TICK_INTERVAL_MS=60000
PERSONA_CONCURRENCY=2
# Operational kill-switch. When true, the service stays up (health-ok)
# but no ticks fire. Useful during demos or when debugging a persona.
RUNNER_PAUSED=false
End-to-end smoke (M3 exit gate)
Proves: personas exist, runner picks them up, Claude drives tools via MCP, actions + ratings land in Postgres.
# 1. Stack
pnpm docker:up
cd services/mana-auth && bun run db:push # applies users.kind + auth.personas* tables
pnpm dev:auth # mana-auth on 3001
pnpm dev:sync # mana-sync on 3050
pnpm --filter @mana/mcp-service dev # mana-mcp on 3069
pnpm --filter @mana/persona-runner dev # this service on 3070
# (boots warning-only if MANA_SERVICE_KEY or ANTHROPIC_API_KEY missing)
# 2. Seed the 10 catalog personas
export MANA_ADMIN_JWT=… # admin-tier JWT
export PERSONA_SEED_SECRET=… # any value; must match runner
pnpm seed:personas
# 3. Verify login works
curl -s "localhost:3070/diag/login?email=persona.anna@mana.test" | jq
# → { ok: true, userId: "…", spaceId: "…" }
# 4. Fire a tick manually (dev-only endpoint, avoids waiting the full interval)
export MANA_SERVICE_KEY=…
export ANTHROPIC_API_KEY=…
curl -s -X POST localhost:3070/diag/tick | jq
# → { ok: true, result: { due: 10, ranSuccessfully: N, failed: [], durationMs: … } }
# 5. Inspect what landed
psql -c "SELECT persona_id, tool_name, result FROM auth.persona_actions ORDER BY created_at DESC LIMIT 20;"
psql -c "SELECT persona_id, module, rating, notes FROM auth.persona_feedback ORDER BY created_at DESC LIMIT 20;"
A green run through step 5 is the M3 exit criterion.
Why a separate service (not part of mana-ai)
- Lifecycle: persona-runner is test infra.
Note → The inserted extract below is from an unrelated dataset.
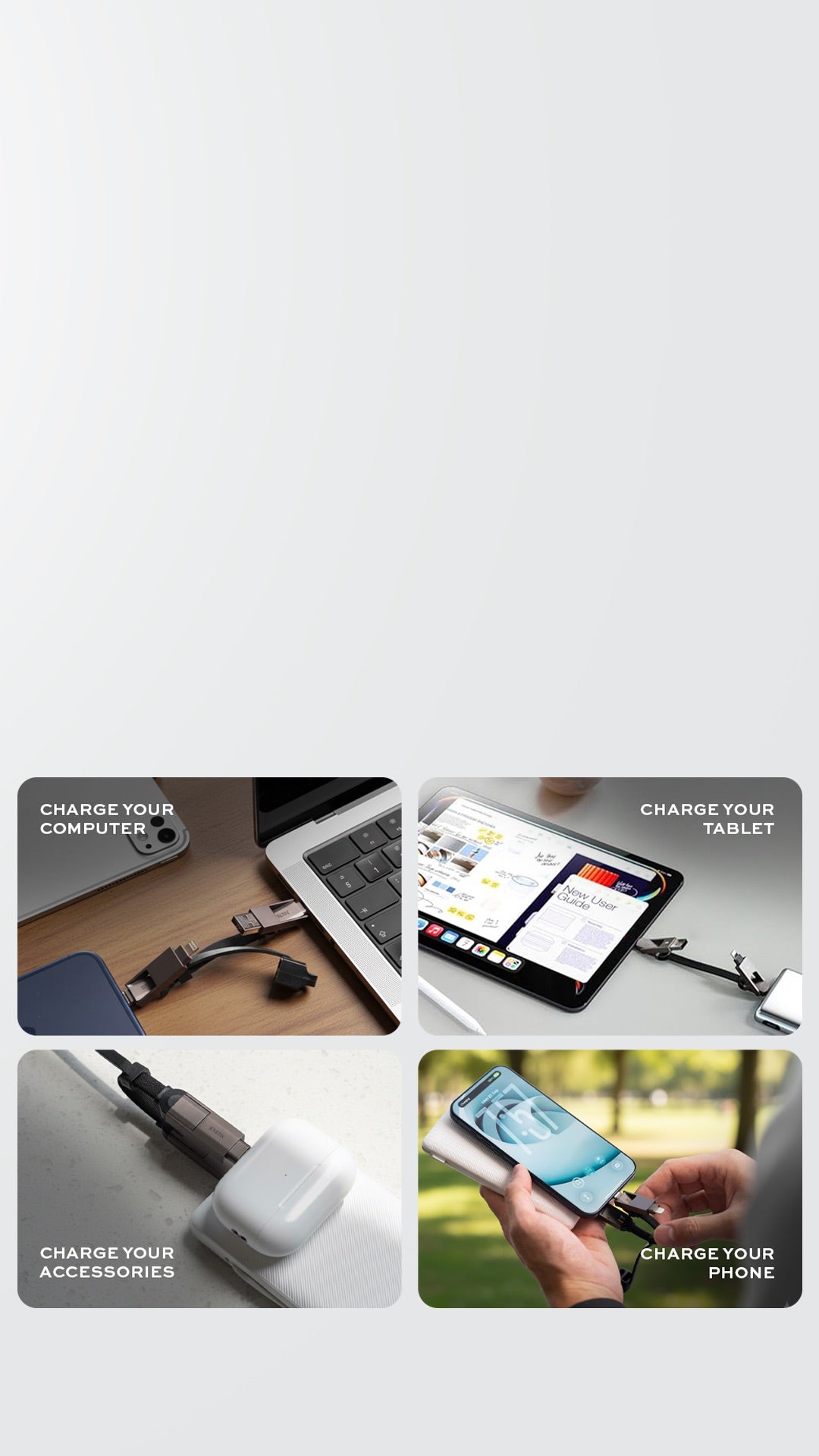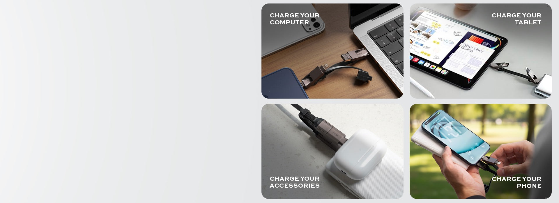 • Universal Compatibility. Connect any portable device to any power source with ease. This 4-in-1 multi charging cable offers versatility like no other: USB to USB-C, USB to Lightning, USB-C to USB-C, and USB-C to Lightning.

Starts and stops with a demo, can be paused without downtime noise. mana-ai is a production worker for real user missions — different risk profile.
- Observability: mixing them means "is this tick Anna running the suite or a real user running their mission?" becomes a log-filter problem. Separate services give you separate Prometheus scrapes.
- Tool source: mana-ai today uses an internal tool catalog; persona-runner uses MCP. When M4 unifies both onto
@mana/tool-registry, the split still makes sense as two consumers of the same tool surface.